I went out for a turkey breast sandwich and sat in a park, where I ate. I thought about how being disenfranchised (not part of established systems of effort and reward) is similar to being free in that one has the time to pursue one’s inclinations—though, unlike a state of freedom, one doesn’t have the opportunity or resources. I went home, and went to bed, listening to music, reading, sleeping. I read some of Jerry Rosco’s biography of writer Glenway Wescott and a newspaper article in which someone said people should take a moment from their shopping and barbecuing to remember that Memorial Day is intended to commemorate people who gave their lives in service to their country. I woke in late afternoon, did minor chores, then felt very hungry and went out.

I stood at the edge of a block looking down the street, trying to decide if I wanted to walk down this street to get to the main avenue on which I’d walk until I found a place where I wanted to eat.
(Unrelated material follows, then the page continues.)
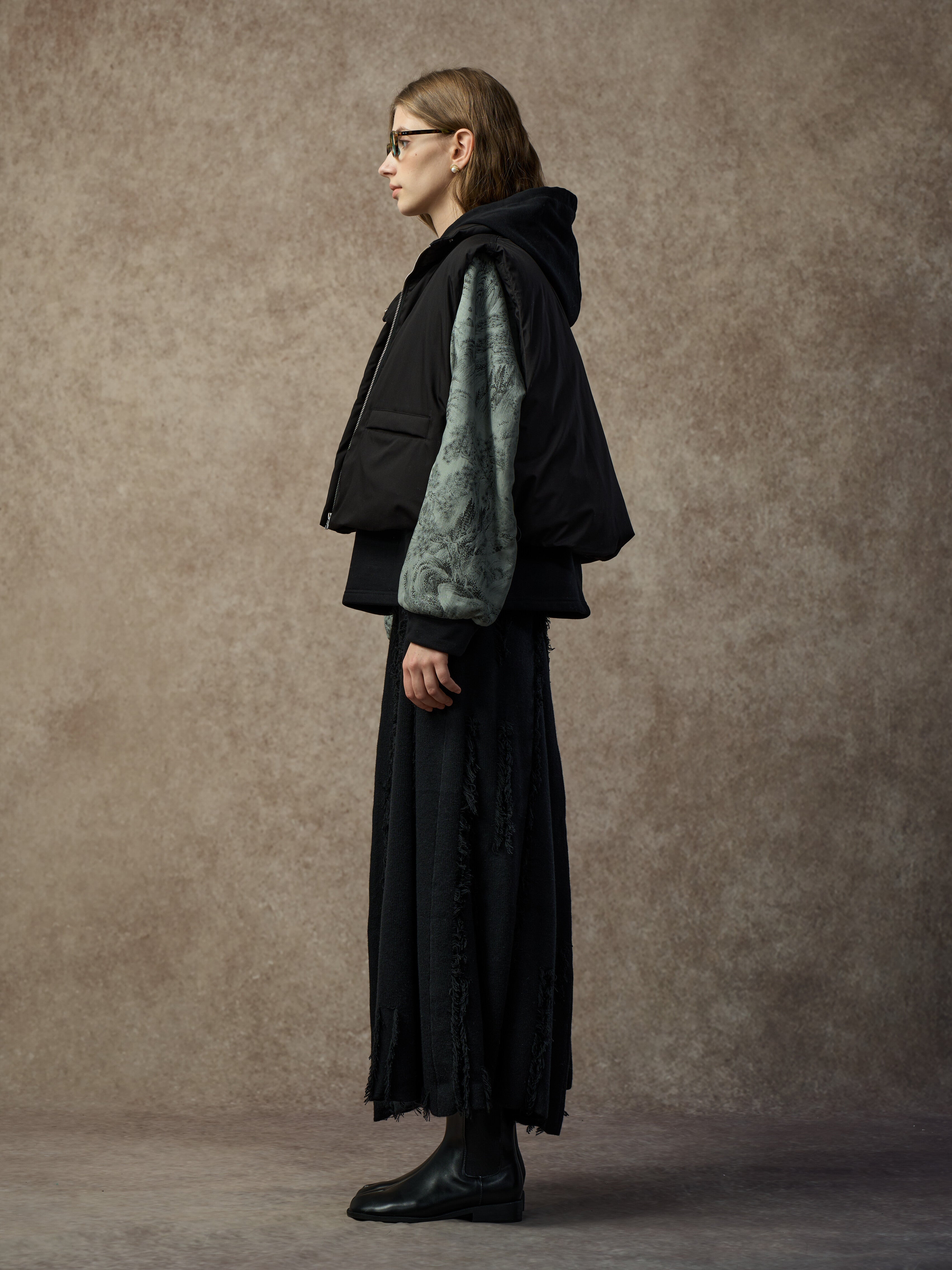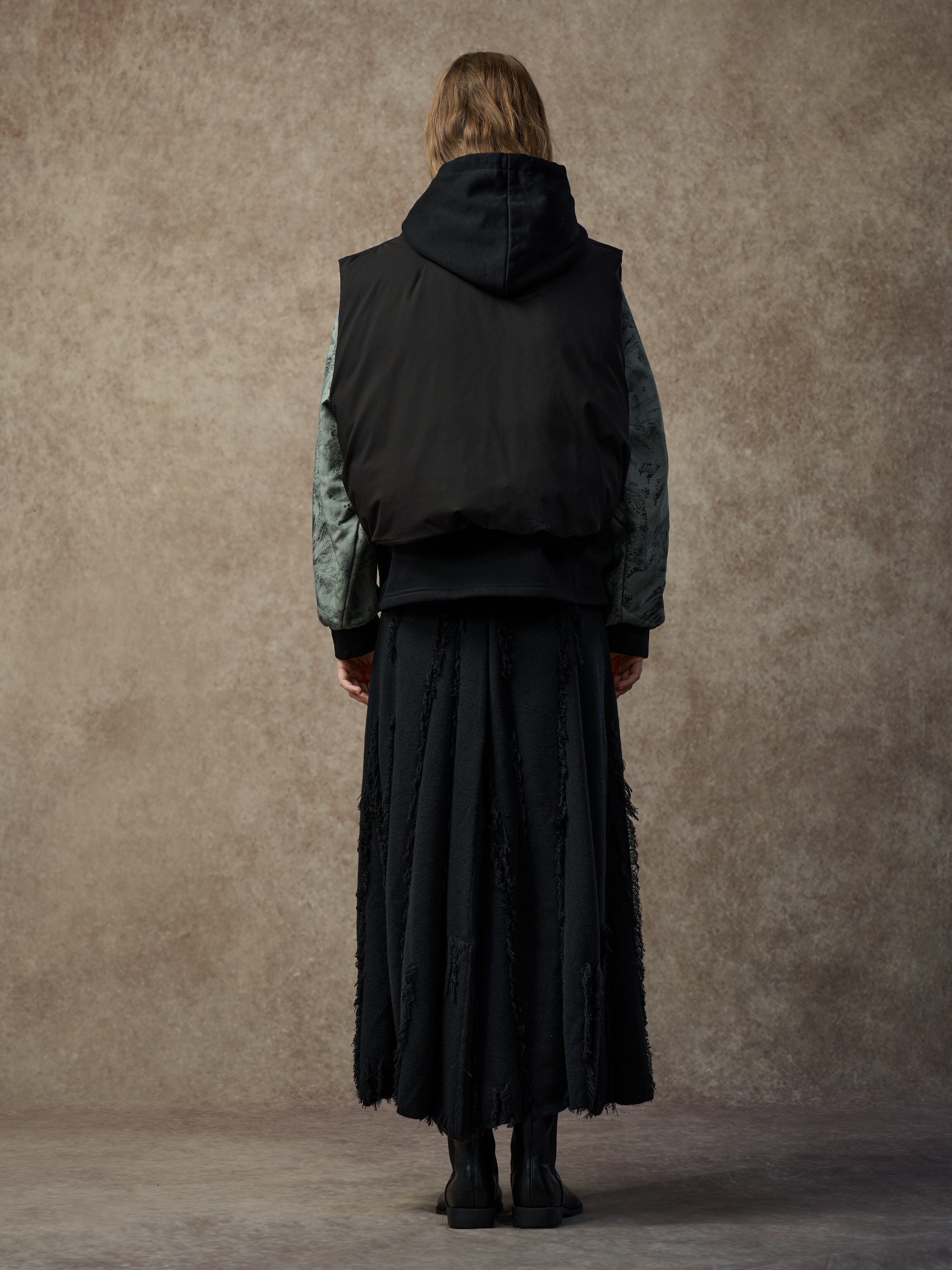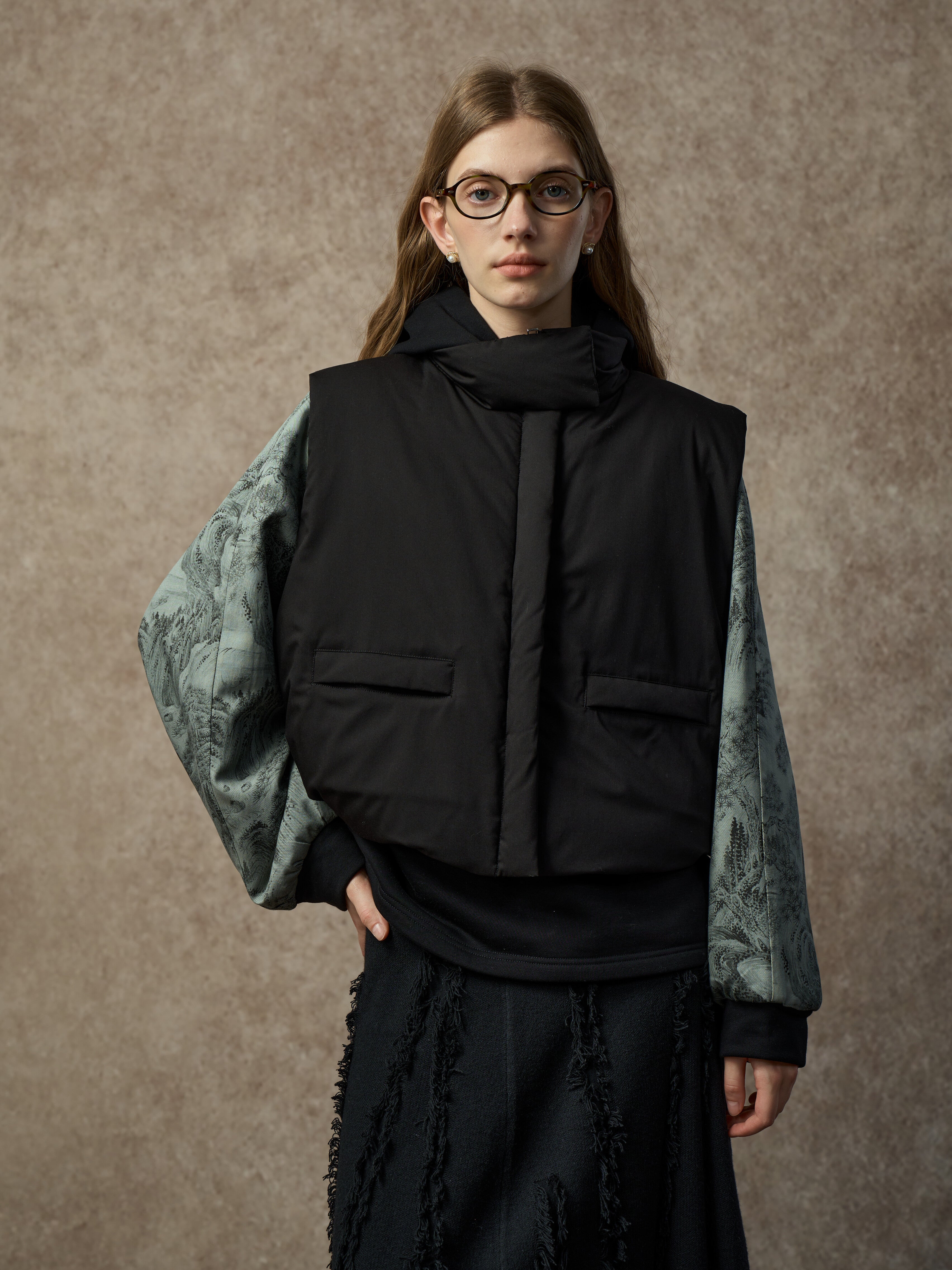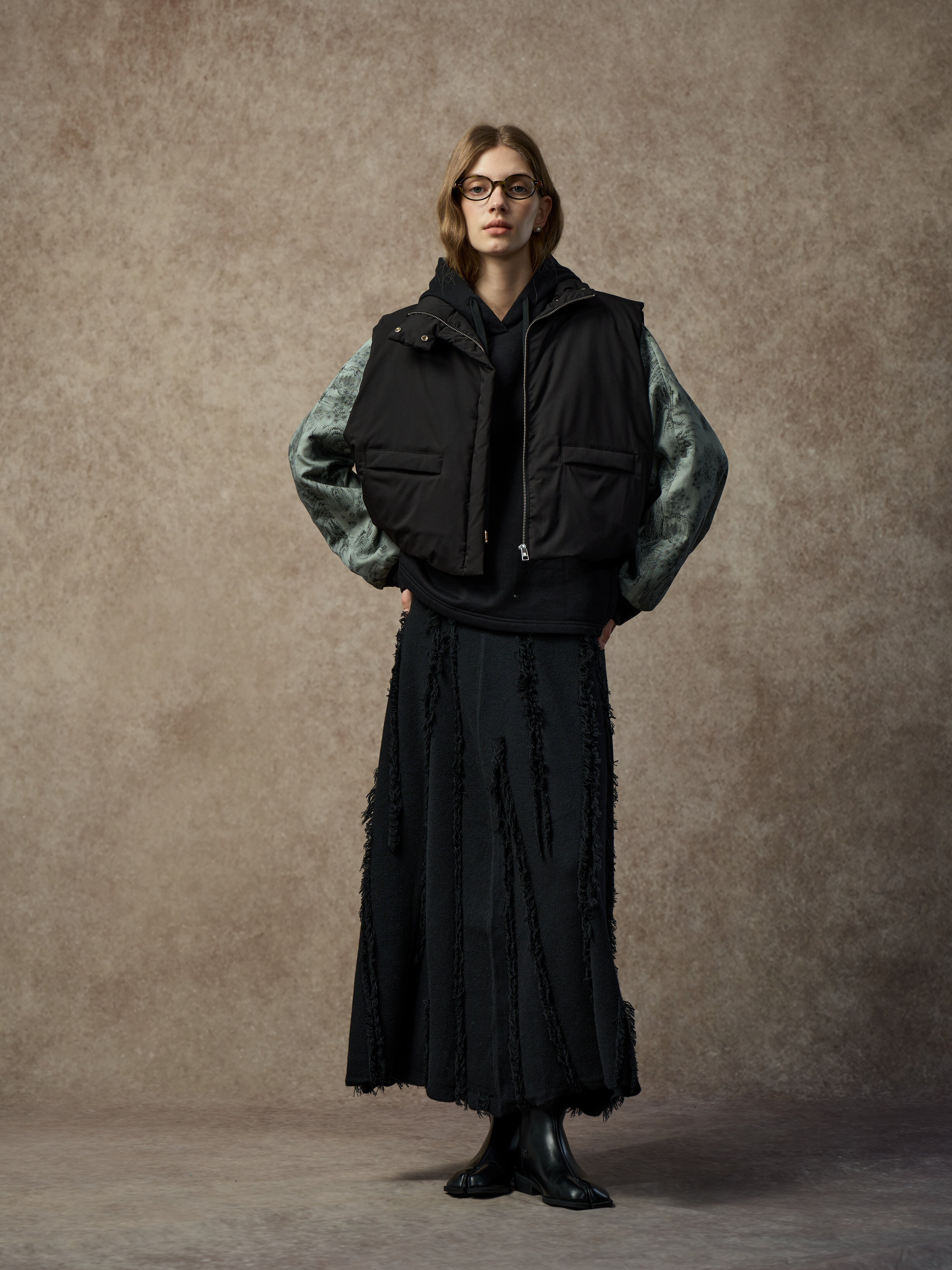 A minimalist down vest made from high-density, water-resistant fabric that is soft and breathable. Filled with premium white duck down for lightweight warmth. Designed with an adjustable drawstring hem and relaxed fit—comfortable to wear and easy to layer without bulk.

I stood and I watched the green car go slowly—certainly no more than twenty-five to thirty miles an hour—down the street when suddenly an East Indian girl, slim and in a purple top and in black shorts, backed into the street to catch what looked like a spongy football. From my perspective she seemed far enough in front of the car to make it to the other side of the street, but she was not. She was hit. A small crowd began to gather, and I began to walk toward the accident. The girl—about 13?—was in a semi-fetal position on the ground, mostly unmoving. The street was one block away from the one on which I lived, parallel to it, and I often walked here but I did not know the girl who was hit nor did I know the people gathering. Someone, after hesitating to watch, went inside to call an ambulance. The tanned woman in the car, middle age, attractive with dyed blonde hair, cried out, “You see, I stopped,” then “Would someone please call my husband?” She had an accent but I’m terrible with accents: was she Latino, East European, East Indian? There are no pay phones on the street, which is lined with private family homes. I watched for a time, but didn’t like the sight of the growing crowd. Were they concerned or was this entertainment? I couldn’t do anything. I walked away, and saw an ambulance coming.

I walked to a pizza place for a couple of slices. I thought of how quickly the accident had happened and wondered how anyone who saw it could be entirely sure of what he saw: was the girl’s top purple and her shorts black? When I got back to the scene of the accident, the girl, the woman in the car, the crowd, and the ambulance were gone. I asked a man on the street, “Did the ambulance take the girl to the hospital?” He said, “I don’t know anything about that.” Neither did I. We are simply unknown and unknowing neighbors.